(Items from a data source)

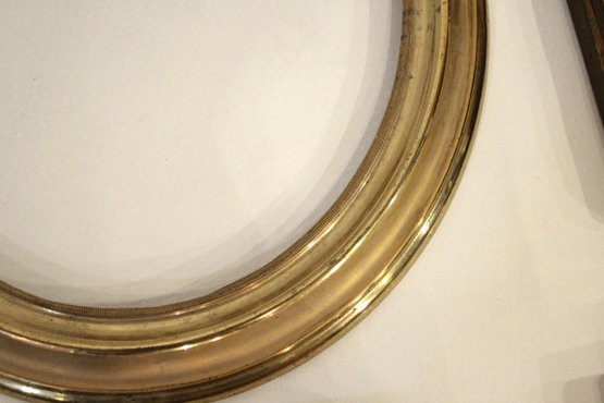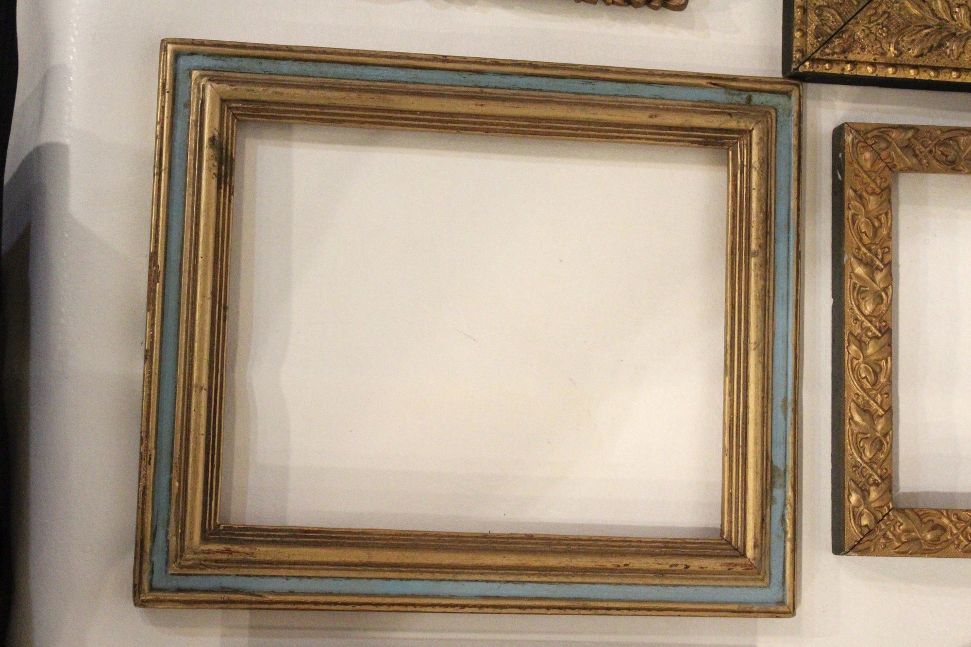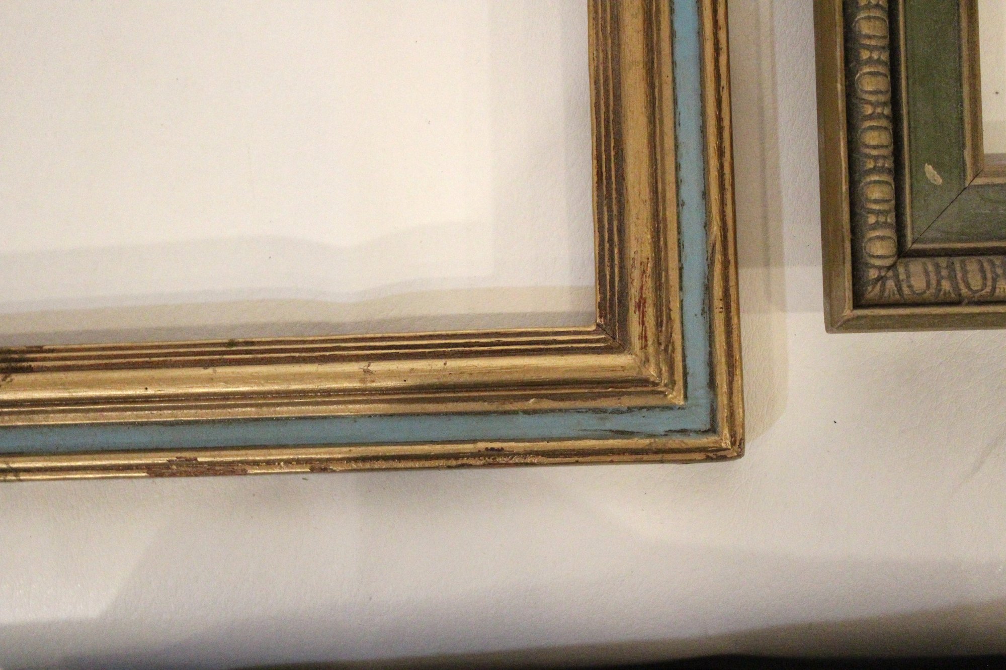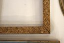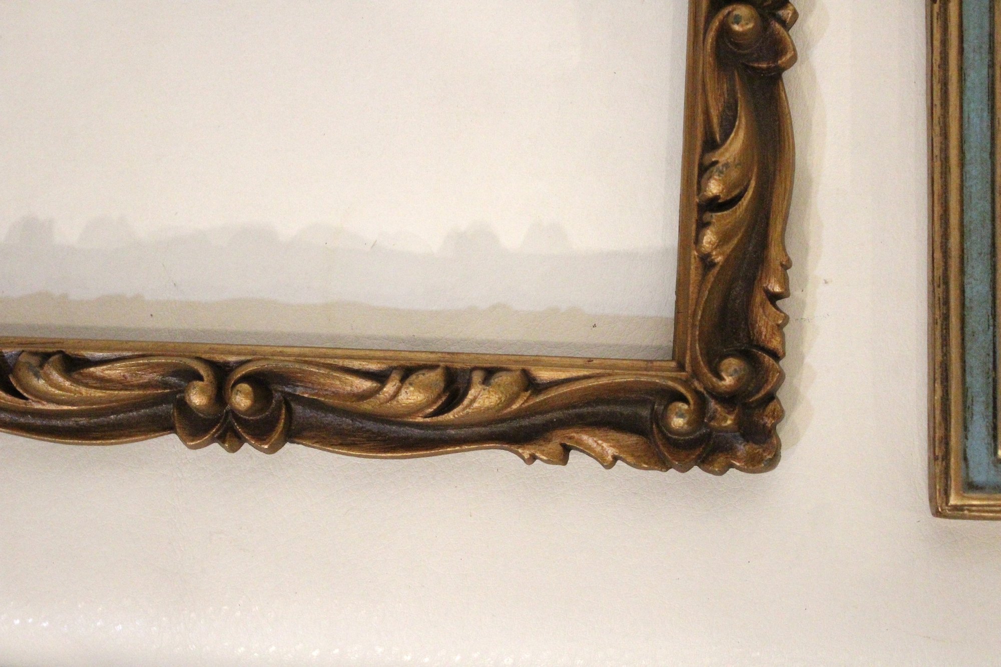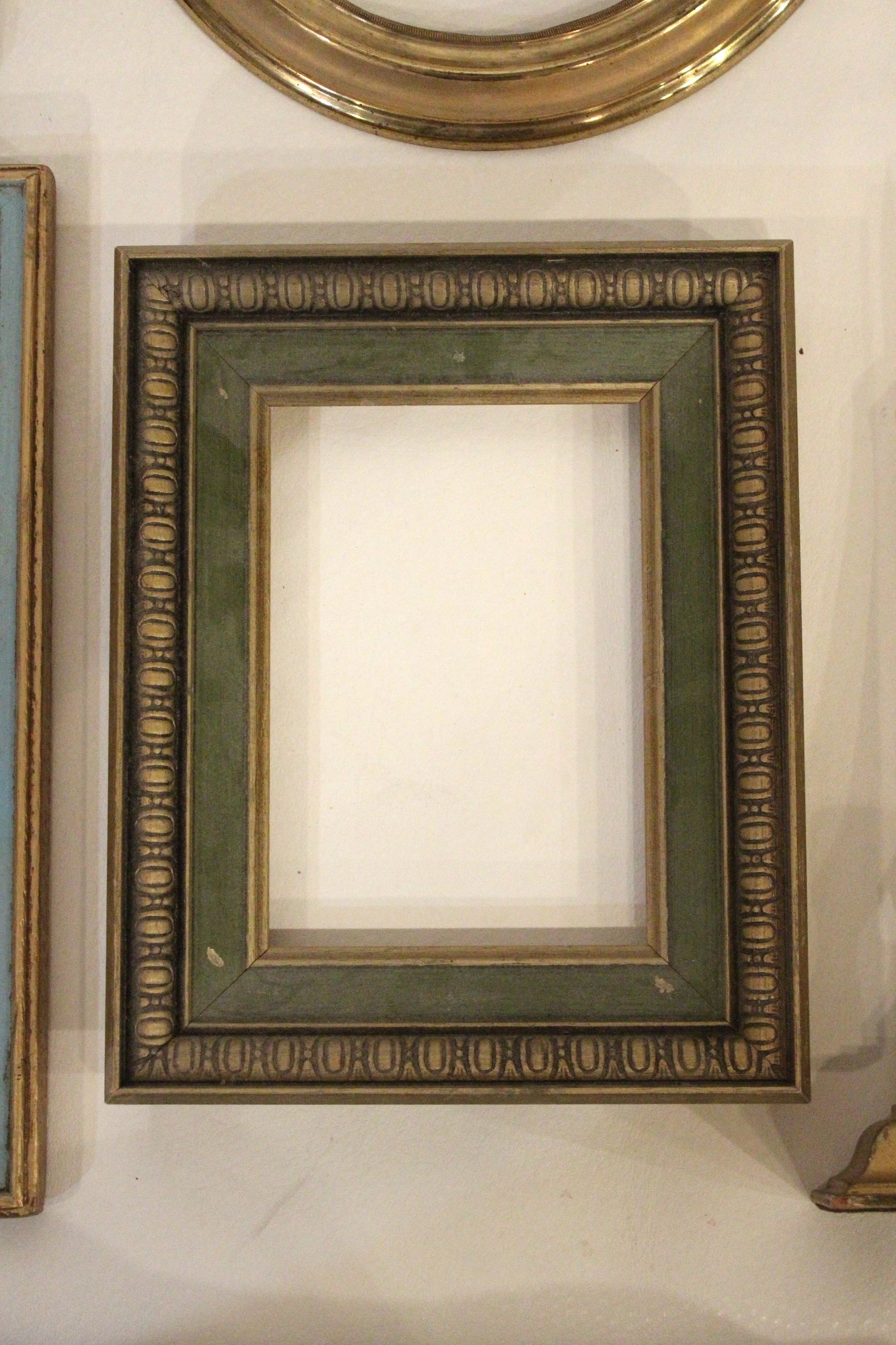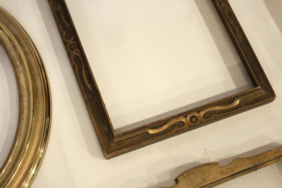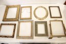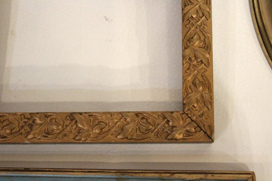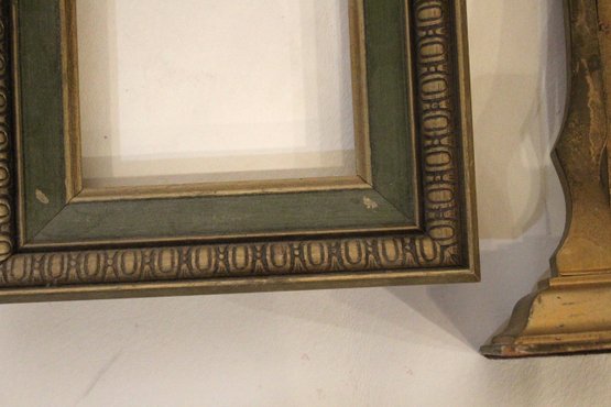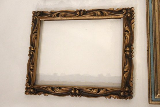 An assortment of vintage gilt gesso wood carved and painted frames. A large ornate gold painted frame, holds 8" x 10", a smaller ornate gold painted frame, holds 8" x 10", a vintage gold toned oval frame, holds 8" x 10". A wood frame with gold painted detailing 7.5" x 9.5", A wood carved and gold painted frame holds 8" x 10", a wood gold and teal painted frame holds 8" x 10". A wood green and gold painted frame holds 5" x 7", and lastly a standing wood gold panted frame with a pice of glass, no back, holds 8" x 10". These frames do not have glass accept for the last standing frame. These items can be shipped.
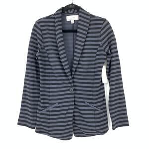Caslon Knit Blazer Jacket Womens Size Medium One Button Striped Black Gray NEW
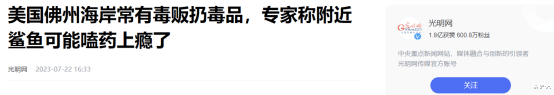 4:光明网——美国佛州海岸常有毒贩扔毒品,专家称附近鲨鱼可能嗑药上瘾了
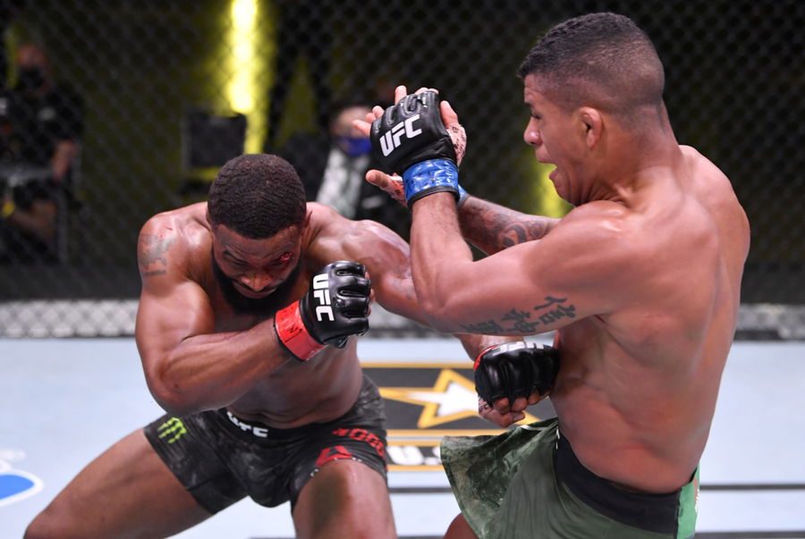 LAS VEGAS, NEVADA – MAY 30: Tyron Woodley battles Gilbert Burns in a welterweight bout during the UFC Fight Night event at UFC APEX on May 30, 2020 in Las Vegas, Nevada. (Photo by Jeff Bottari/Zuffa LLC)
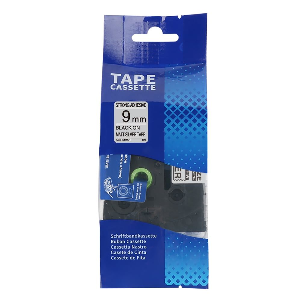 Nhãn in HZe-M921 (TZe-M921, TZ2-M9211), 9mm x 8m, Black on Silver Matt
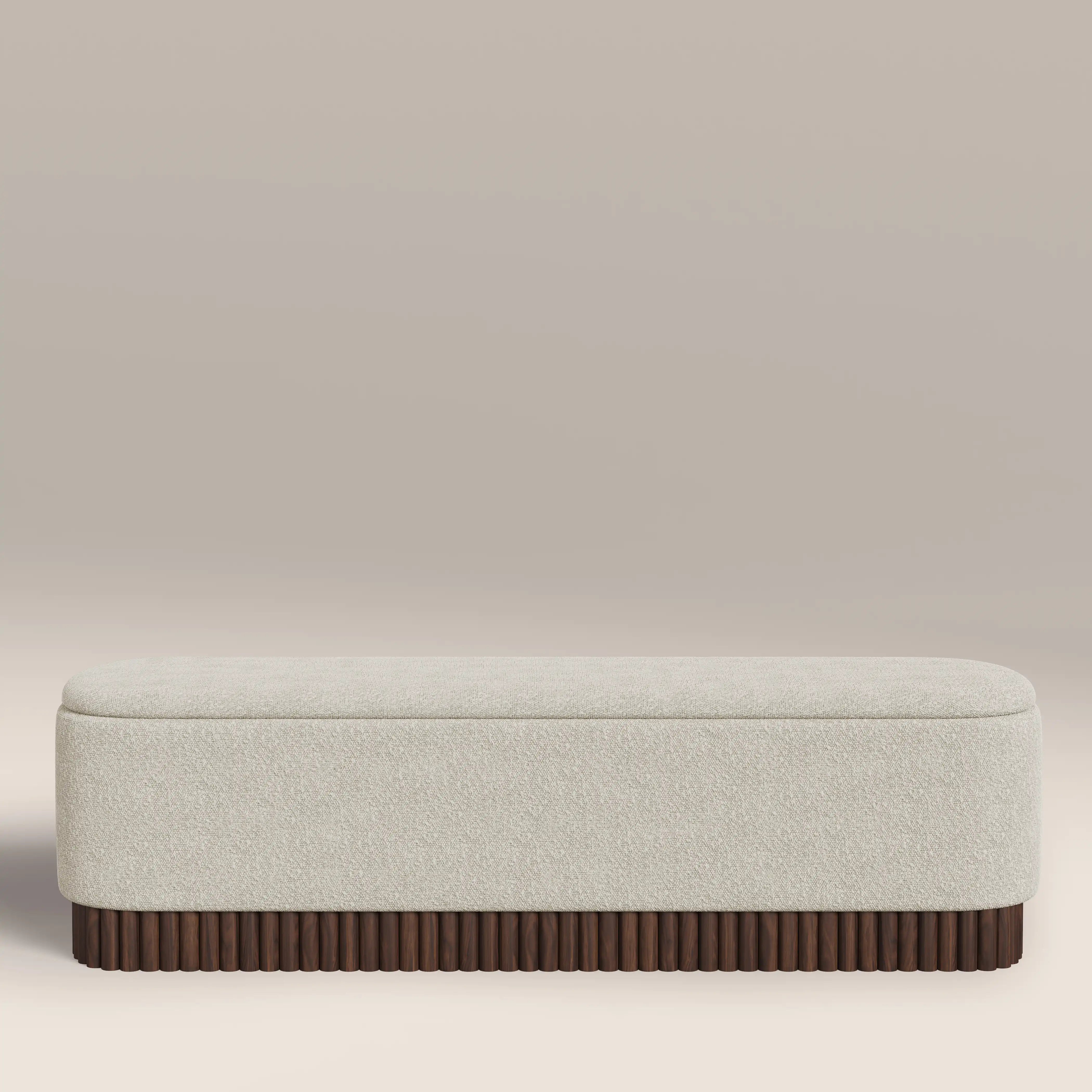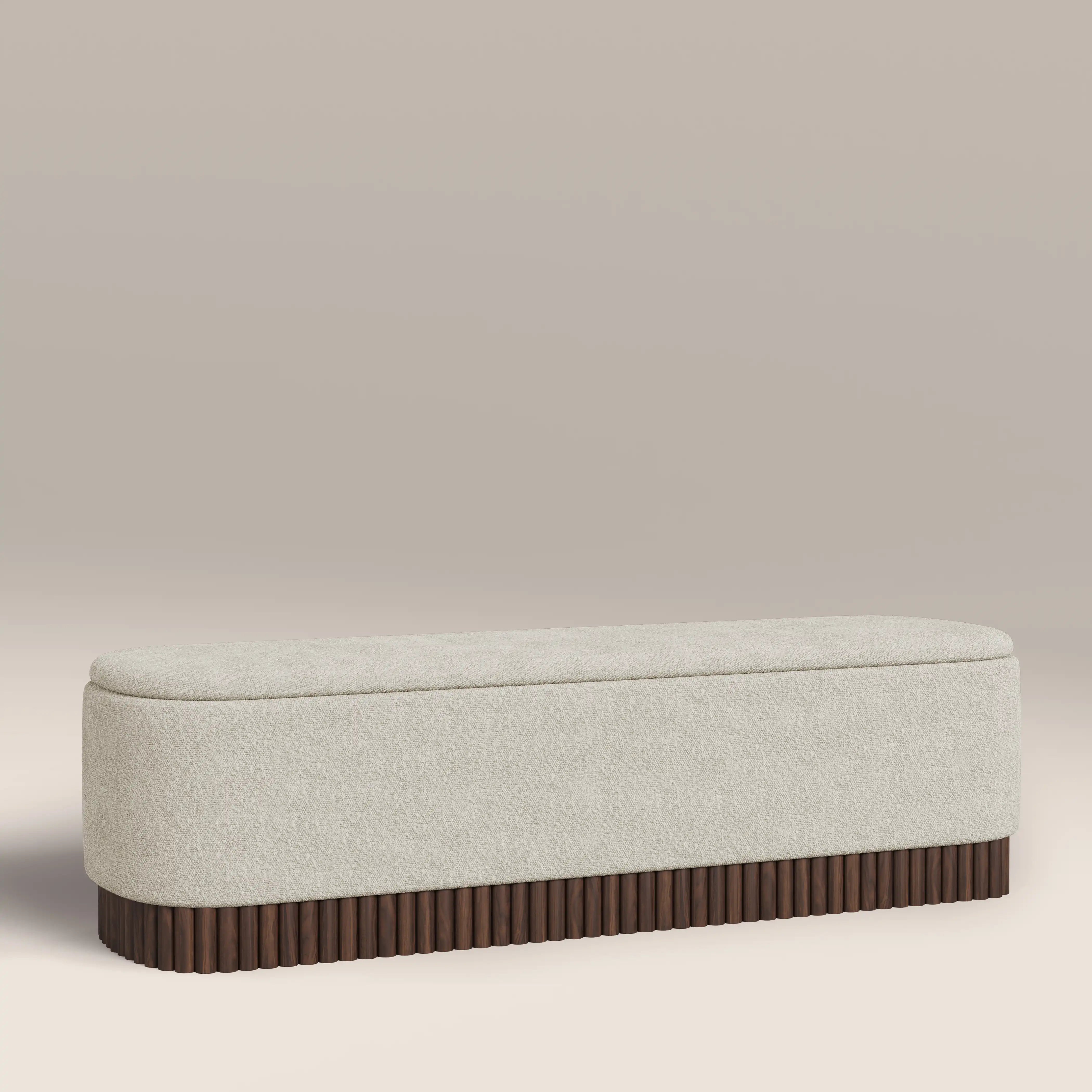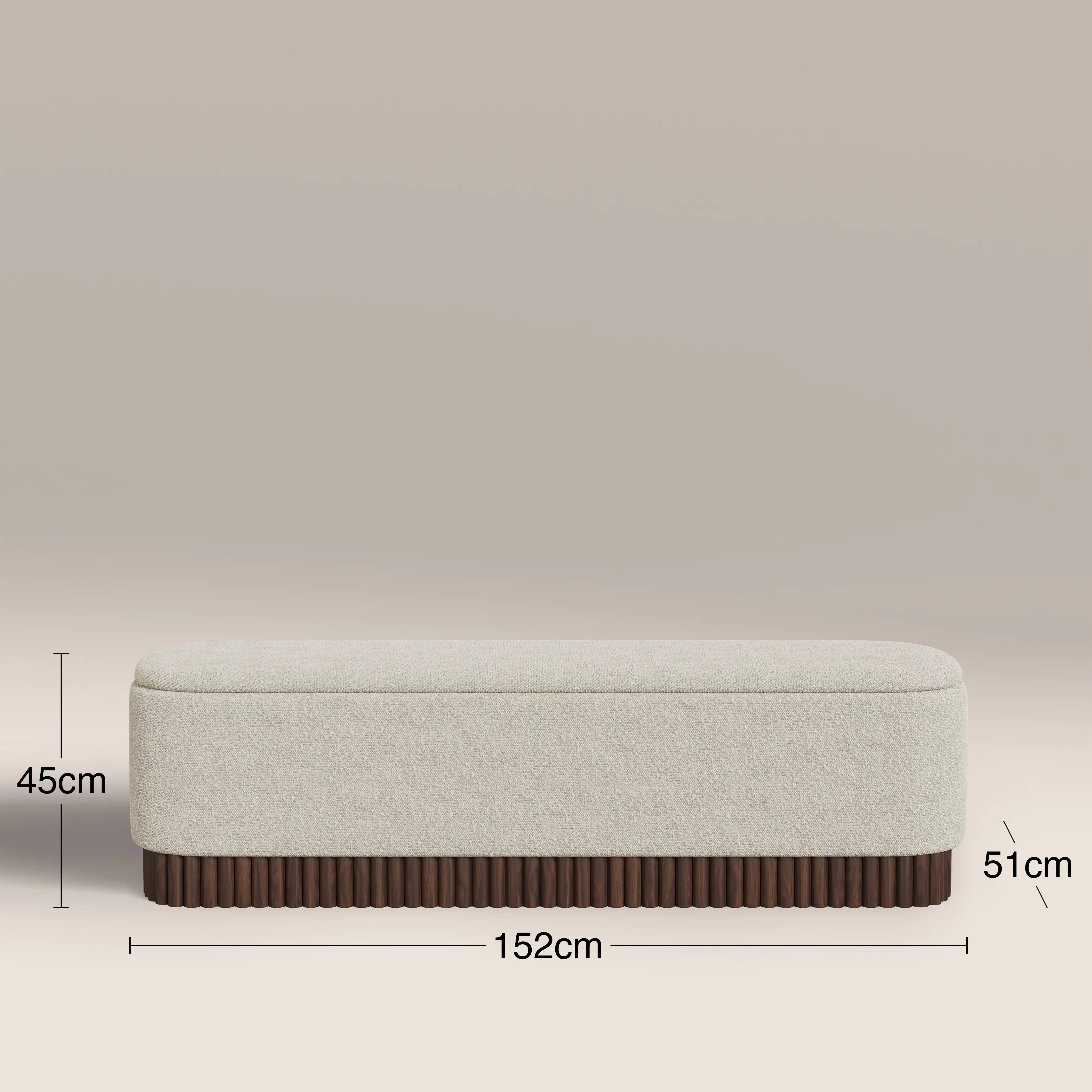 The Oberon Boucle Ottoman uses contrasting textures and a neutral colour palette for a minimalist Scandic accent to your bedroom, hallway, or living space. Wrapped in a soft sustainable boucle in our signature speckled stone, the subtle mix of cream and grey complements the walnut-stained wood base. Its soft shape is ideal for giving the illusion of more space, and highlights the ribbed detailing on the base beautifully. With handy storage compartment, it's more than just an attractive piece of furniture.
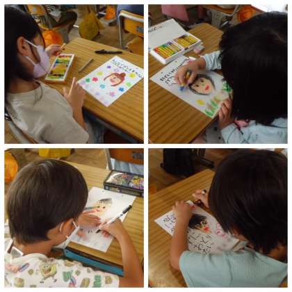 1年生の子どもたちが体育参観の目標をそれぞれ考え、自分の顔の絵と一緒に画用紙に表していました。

_PROBLEM REQUIREMENTS:_ The entries above, without their pictures, should be written out exactly.

_EXERCISE ANSWER:_
 An assortment of vintage gilt gesso wood carved and painted frames. A large ornate gold painted frame, holds 8" x 10", a smaller ornate gold painted frame, holds 8" x 10", a vintage gold toned oval frame, holds 8" x 10". A wood frame with gold painted detailing 7.5" x 9.5", A wood carved and gold painted frame holds 8" x 10", a wood gold and teal painted frame holds 8" x 10". A wood green and gold painted frame holds 5" x 7", and lastly a standing wood gold panted frame with a pice of glass, no back, holds 8" x 10". These frames do not have glass accept for the last standing frame. These items can be shipped.
Caslon Knit Blazer Jacket Womens Size Medium One Button Striped Black Gray NEW
 4:光明网——美国佛州海岸常有毒贩扔毒品,专家称附近鲨鱼可能嗑药上瘾了
 LAS VEGAS, NEVADA – MAY 30: Tyron Woodley battles Gilbert Burns in a welterweight bout during the UFC Fight Night event at UFC APEX on May 30, 2020 in Las Vegas, Nevada. (Photo by Jeff Bottari/Zuffa LLC)
 Nhãn in HZe-M921 (TZe-M921, TZ2-M9211), 9mm x 8m, Black on Silver Matt
 The Oberon Boucle Ottoman uses contrasting textures and a neutral colour palette for a minimalist Scandic accent to your bedroom, hallway, or living space. Wrapped in a soft sustainable boucle in our signature speckled stone, the subtle mix of cream and grey complements the walnut-stained wood base. Its soft shape is ideal for giving the illusion of more space, and highlights the ribbed detailing on the base beautifully. With handy storage compartment, it's more than just an attractive piece of furniture.
 1年生の子どもたちが体育参観の目標をそれぞれ考え、自分の顔の絵と一緒に画用紙に表していました。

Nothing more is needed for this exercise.